About

This blog is an attempt to make writing, studying, and thinking positively playful activities. Writing intellectually but not academically; refusing the conventions of academic labour (write like this, read this, structure yourself like this) and treating writing like a vibration, not a representation. (For more on this, see the last chapter of Fred Moten and Steffano Harney's The Undercommons.)

I don't where this blog will end up, or what its grander purpose is. Its job, for now, is to act as a receiver, a radio channel or frequency: tuning into those odd, playful thoughts that ground themselves in my fleshy brain -- the kind of thoughts which intrigue you or make you laugh, but ultimately never get developed -- and actively seeking to amplify them, zoom into them, nourish them. What happens when we actually try and resonate with and amplify those weird social vibrations, which manifest within but cannot be reduced to our consciousness? What is the result?
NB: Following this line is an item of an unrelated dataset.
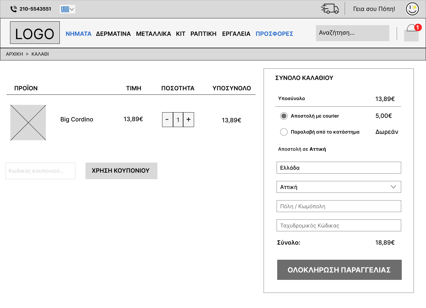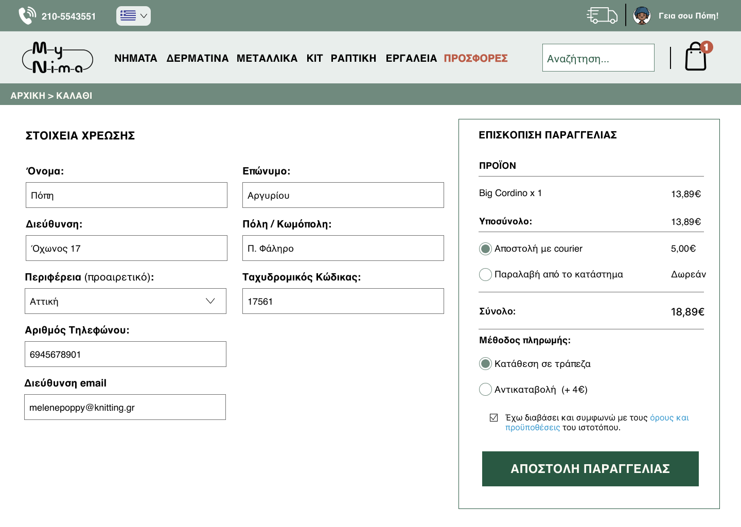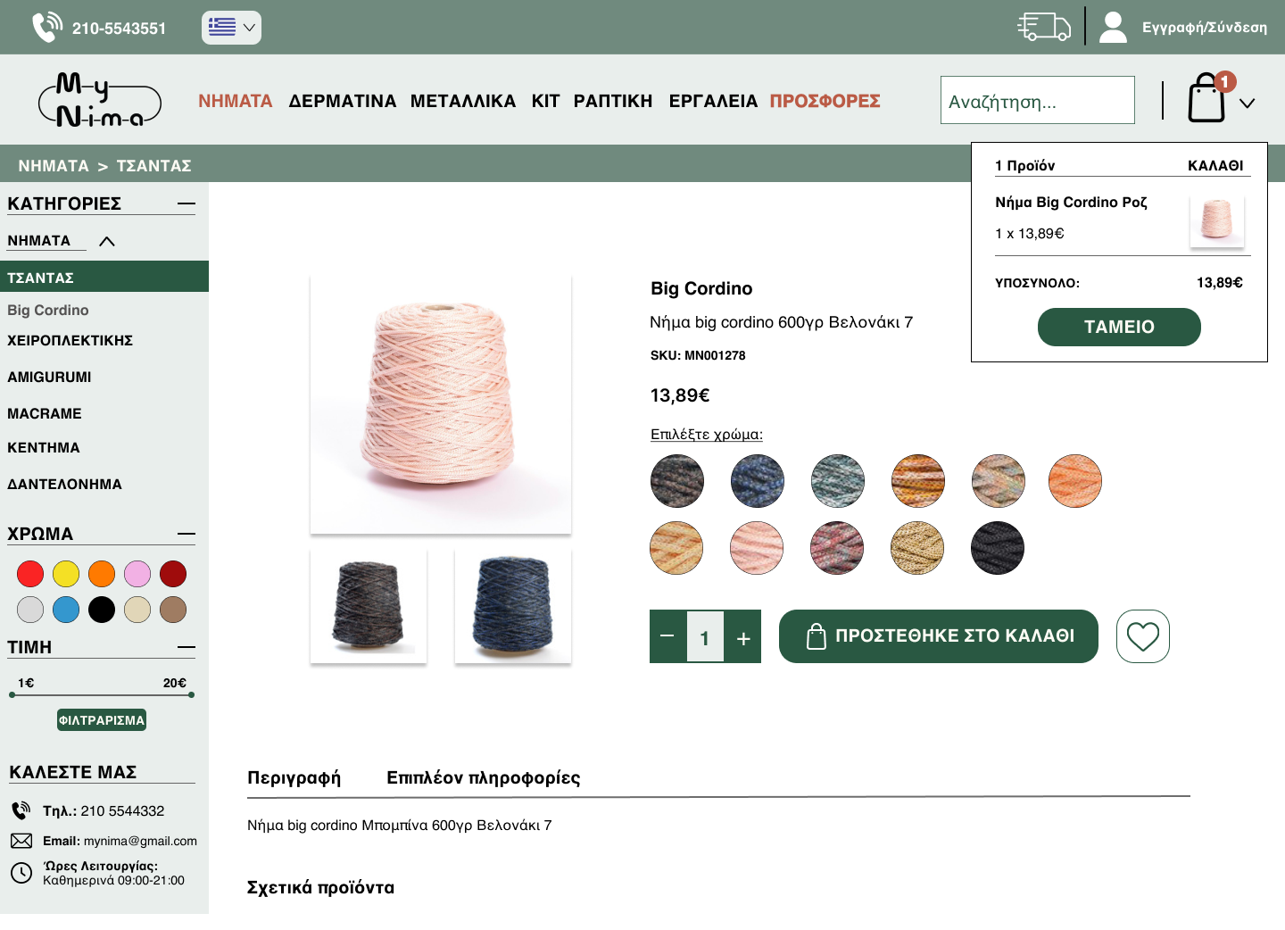 based on material and colour, adding it to the shopping basket and completing the checkout

As can be inferred, this blog refuses the voice of the individual author. As Mark Fisher puts it, all 'I' am doing with this writing is adding a kind of "subjectivist fuzz" to concepts, movements, affects, intensities, etc. that exist far beyond me, or any 'one' for that matter. What will be produced will (hopefully) contain value, truths, facts, important arguments - but, again in Fisher's words, 'I' will inevitably "bodge it". Straying away from a respectable if somewhat joyless empiricism obsessed with what is means embracing areas of life more fuzzy and less determinate, harder to pin down (though with no less rigor, of course). I'm interested in these 'areas' because they seem to be the site of transformations, the what can be rather than plainly what 'is'. In a world that so plainly needs to change, so plainly needs to rid itself of capitalism, neocolonialism, imperialism, sexism, racism, homophobia, transphobia, and ableism, it's vital we keep tuned into these frequencies, these 'areas'. Organising, protesting, striking, occupying are all wonderful and valuable things, but in that they are so firmly grounded in the now, the urgency of the present, they are not sufficient alone at effecting the radical transformations we need. Alongside all this we need spaces to dream, sense, and feel, that estrange us. Maybe this blog could be such a space, in some minuscule way.